In some sectors, the tariff impact was partially absorbed — exports to the US fell, but overall shipments remained broadly stable. In others, exporters not only absorbed the US shock but expanded aggressively into alternative markets, pushing total exports higher despite reduced access to the American market.

Marine products illustrate this second strategy particularly well.

Exports of marine products to the US declined by roughly 17%, yet total marine exports rose by almost the same margin over the period. The US remained a dominant buyer, accounting for over 30% of India’s marine exports in 2025, but exporters clearly did not remain dependent on a single market.

China, already a major destination, increased its intake of Indian marine products by 23%. More significantly, Indian exporters made visible breakthroughs in Europe. Between September and November 2025, India shipped over $50 million worth of marine products to Spain — a relatively new destination. Exports to Belgium jumped by 124%, while shipments to the Netherlands (56%), Germany (65%) and Italy (23%) also recorded strong growth.

As the Seafood Exporters Association of India’s Andhra Pradesh president, K. Anand Kumar, put it, rising shipments to Europe and China have softened the blow from US tariffs — while also underlining the need for fresh trade agreements to support the sector.

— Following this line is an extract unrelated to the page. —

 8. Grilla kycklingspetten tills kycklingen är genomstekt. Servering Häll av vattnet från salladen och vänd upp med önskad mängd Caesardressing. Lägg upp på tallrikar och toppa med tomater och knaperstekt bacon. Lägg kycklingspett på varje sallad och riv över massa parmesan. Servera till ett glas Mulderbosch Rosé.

Readymade cotton garments followed a comparable trajectory. Although exports to the US dipped modestly, stronger demand from European markets helped stabilise overall shipments. Exporters were aided by currency conditions as well.

“The rupee at 90 is a good instrument for Indian exporters to locate new markets. It helps push exports to various markets,” said Siddhartha Rajagopal, Executive Director of the Cotton Textiles Export Promotion Council — highlighting how exchange rate movements complemented market diversification.

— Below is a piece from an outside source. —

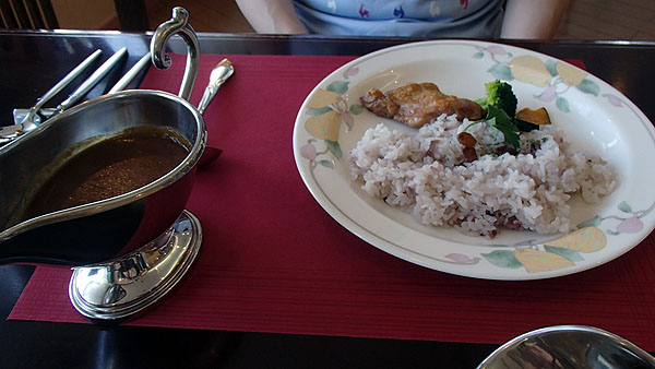 私が食べたのは「花畑のビーフカレー 夕焼けライスセット」(1,944円)、めぐは「越の鶏のチキンカレーセット」(1,512円)です。ここではカトラリーアイテムを自由に選択出来、めぐはノーベル(山崎金属工業株式会社)と言う、ノーベル賞授賞式の晩餐会で使用されているものを選択。私は「月桂樹(Laurel)」(燕物産株式会社の銀メッキ 洋白銀器式)を選択しました。

The 2025 export story is therefore less about immunity to US tariffs and more about adjustment capacity. India’s export growth to the US was propped up by a narrow but powerful surge in smartphones. At the same time, tariff-hit sectors avoided a deeper slump by either cushioning losses or actively redirecting exports to Europe and Asia.

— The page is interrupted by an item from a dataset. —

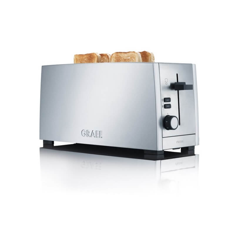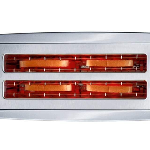Toaster til 4 brød i elegant aluminium og rustfrit stål med præcis ristning

In short, India’s exporters did not beat tariffs — they worked around them. The resilience seen in late-2025 trade data reflects a mix of product composition, currency dynamics, and rapid market diversification. Whether this flexibility can be sustained if tariff pressures widen remains the question policymakers and exporters will be watching closely in 2026.

Originally written on January 7, 2026 and last modified on January 7, 2026.